Thanks guys. I guess as long as I know the number of columns in the record, I can tweak this awk code to strip out linefeeds embedded in columns.

stayalive July 25, 2011, 2:26pm 5

If my number of columns is in a shell variable num_cols, how do I reference that from this awk code?

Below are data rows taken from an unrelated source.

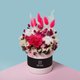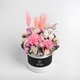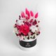 桃红 : 永生康乃馨、蓬莱松、芒萁;干燥棉花、星辰、丛星果、开口笑、小星花、兔尾草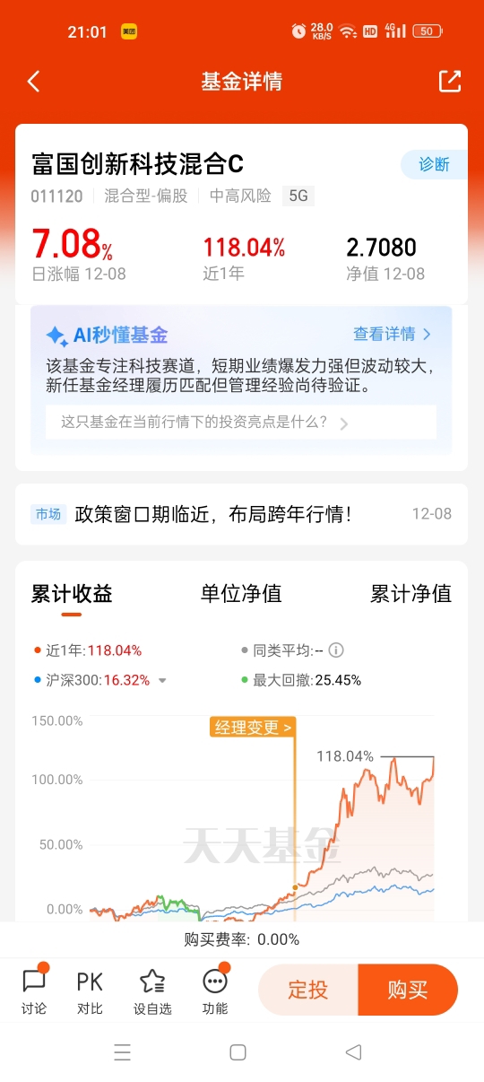 最近科技类板块表现强劲,值得配置$富国创新科技混合C$今天收了7.08%,$汇添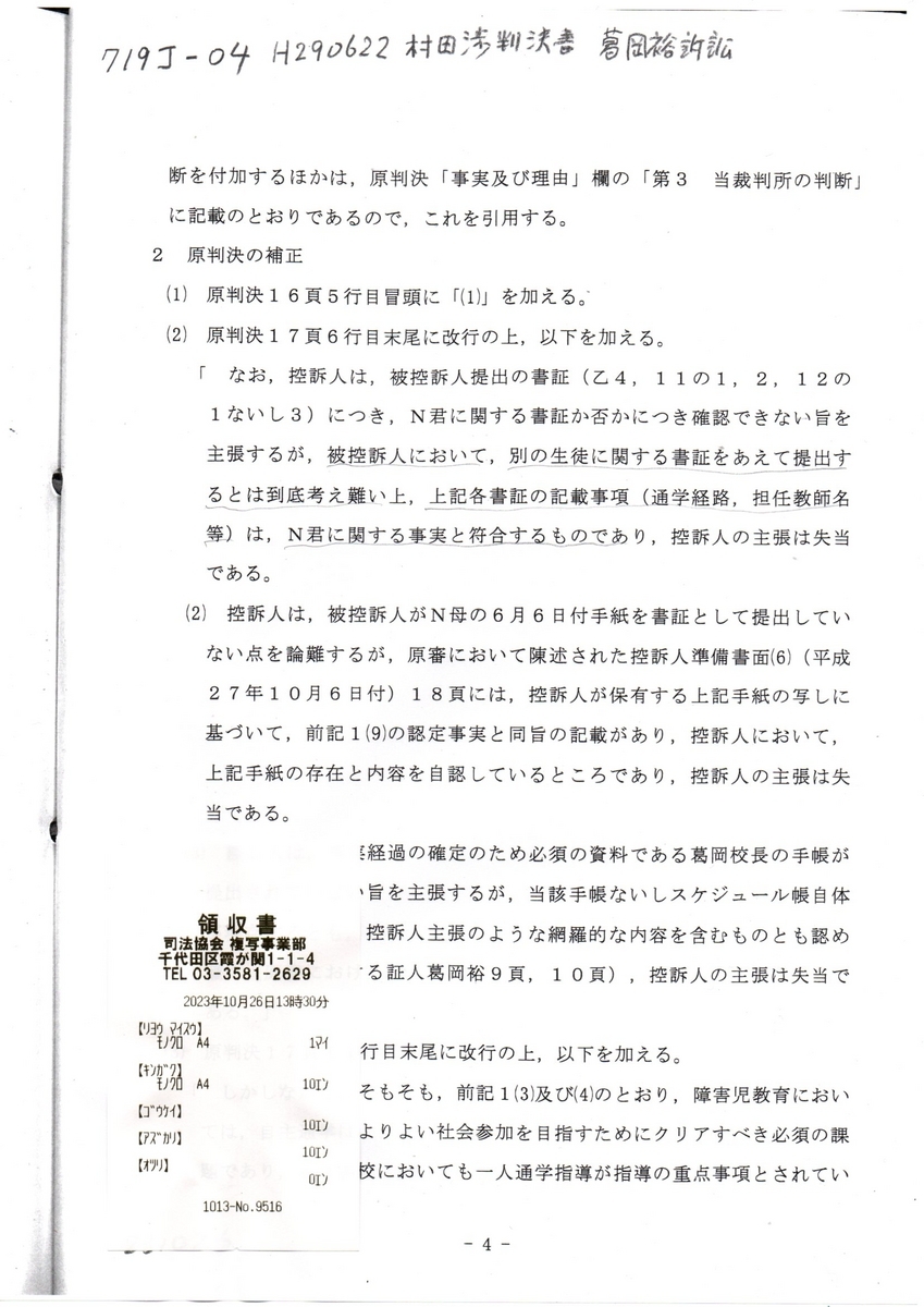 領収書 KY 719丁 H290622村田渉判決書・乙11関連抜粋 葛岡裕訴訟 村田渉裁判官

bartus11 July 25, 2011, 2:59pm 6

I guess this should work:

awk -F"|" -vn=$num_cols 'NF<n{ORS=" ";p=1}NF==n{p=1}NF==4&&p{printf "\n";ORS="\n";p=0}1' file

stayalive July 25, 2011, 3:23pm 7

I get

nawk: can't open file NF<n{ORS=" ";p=1}NF==1{p=1}NF==n&&p{printf "\n";ORS="\n";p=0}1

---------- Post updated at 03:23 PM ---------- Previous update was at 03:22 PM ----------

works on command line though

stayalive July 27, 2011, 11:20am 8

bartus11 - any idea why this code does not remove linefeeds from the very first line?

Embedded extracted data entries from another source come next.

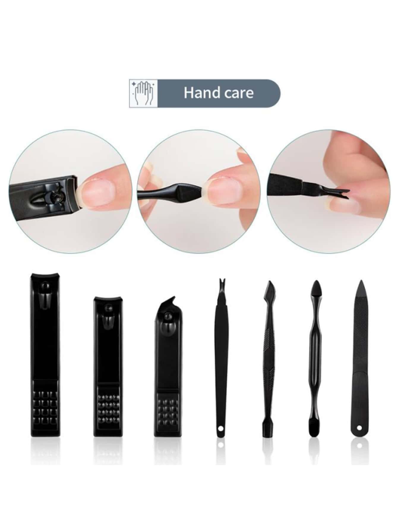 1set Classic Black Manicure Set Hand Feet Facial Stainless Steel Accessories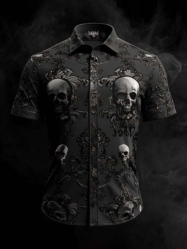 Men's Dark Gothic Skull Pattern Short Sleeve Shirt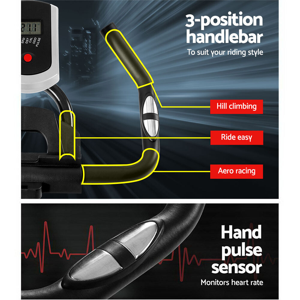 $263.69Now, nothing can stop your bike training regime. Not even bad weather. The Everfit Spin Bike helps to supplement your road biking sessions or lose some weight and get fit in the comfort of your home anytime. With a heavy-duty stainless steel 6kg flywheel and automotive-grade drive belt that delivers plenty of resistance via a control knob, the spin bike offers a smooth and noiseless workout. The frame itself is made of industrial-strength powder-coated steel for durable and robust use. Plus, an onboard computer with a LCD monitor assists in tracing six fitness parameters in one easy operation. The spin bike features an extra thick padded saddle seat that is fully adjustable in height and position. The handlebar is also adjustable to suit your handling comfort. Not least, the spin bike comes with non-slip feet pedals with straps and built-in transportation wheels for easy mobility.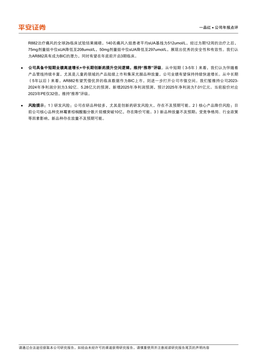 公司具备中短期业绩高速增长+中长期创新药提升空间逻辑,维持“推荐”评级。从中短期(3-5年)来看,我们认为伴随着产品管线持续丰富,尤其是儿童药领域的产品陆续上市和集采光脚品种放量,公司业绩有望保持持续快速增长。从中长期(5年以后)来看,AR882有望凭借优异的临床数据作为BIC上市,则进一步打开公司市值空间。我们暂维持公司2023-2024年净利润分别为3.92亿、5.28亿元的预测,新增2025年净利润预测,预计2025年净利润为7.01亿元。当前股价对应2023年PE仅32倍,维持“推荐”评级。

bartus11 July 27, 2011, 11:35am 9

Can you post sample data that you are using, the output that you are getting and what is desired output?

stayalive July 27, 2011, 11:51am 10

This is my sample file:

$ cat test3
123|aaa|a1|a2|a5|a6
222|bbb|b1|b2|b3|b4
333|ccc|c1|c2|c3|c4
444|ddd|d1|d2|d3|d4

I add line feeds to the 2nd line :
$ cat test3
123|aaa|a1|a2|a5|a6
222|bb
b|b1|b2|b3|b4
333|ccc|c1|c2|c3|c4
444|ddd|d1|d2|d3|d4

And the awk works fine:
$nawk -F"|" 'NF<6{ORS=" ";p=1}NF==1{p=1}NF==6&&p{printf "\n";ORS="\n";p=0}1' test3
123|aaa|a1|a2|a5|a6
222|bb b|b1|b2|b3|b4
333|ccc|c1|c2|c3|c4
444|ddd|d1|d2|d3|d4

Now I add line feeds to the 1st line as well

$ cat test3
123|aa
a|a1|a2|a5|a6
222|bb
b|b1|b2|b3|b4
333|ccc|c1|c2|c3|c4
444|ddd|d1|d2|d3|d4

Now awk does not remove linefeeds from 1st record:

$ nawk -F"|" 'NF<6{ORS=" ";p=1}NF==1{p=1}NF==6&&p{printf "\n";ORS="\n";p=0}1' test3
123|aa a|a1|a2|a5|a6 222|bb b|b1|b2|b3|b4
333|ccc|c1|c2|c3|c4
444|ddd|d1|d2|d3|d4

$

Thanks for your help.

bartus11 July 27, 2011, 2:02pm 11

Try:

awk -F"|" 'NF<6{ORS=" ";n+=NF;print}n==7{printf "\n";ORS="\n";n=0}NF==6' file

stayalive July 27, 2011, 2:37pm 12

That did not help.

$ cat test3
123|aaa|a1|a2|a5|a6
222|b
b
b|b1|b2|b3|b4
333|ccc|c1|c2|c3|c4
444|ddd|d1|d2|d3|d4

$ awk -F"|" 'NF<6{ORS=" ";n+=NF;print}n==7{printf "\n";ORS="\n";n=0}NF==6' test3
123|aaa|a1|a2|a5|a6
222|b b b|b1|b2|b3|b4 333|ccc|c1|c2|c3|c4 444|ddd|d1|d2|d3|d4 $

bartus11 July 27, 2011, 2:50pm 13

OK, try this:

awk -F"|" 'NF<6{ORS=" ";n+=(NF-1);print}n==5{printf "\n";ORS="\n";n=0}NF==6' file

shamrock July 27, 2011, 3:34pm 14

yet another awk script to try...

awk -F\| '{l=l?l""$0:$0;if(split(l,a,"|")==6){print l;l=""}}' file

stayalive July 27, 2011, 3:39pm 15

Thanks guys. I will try those options !!!!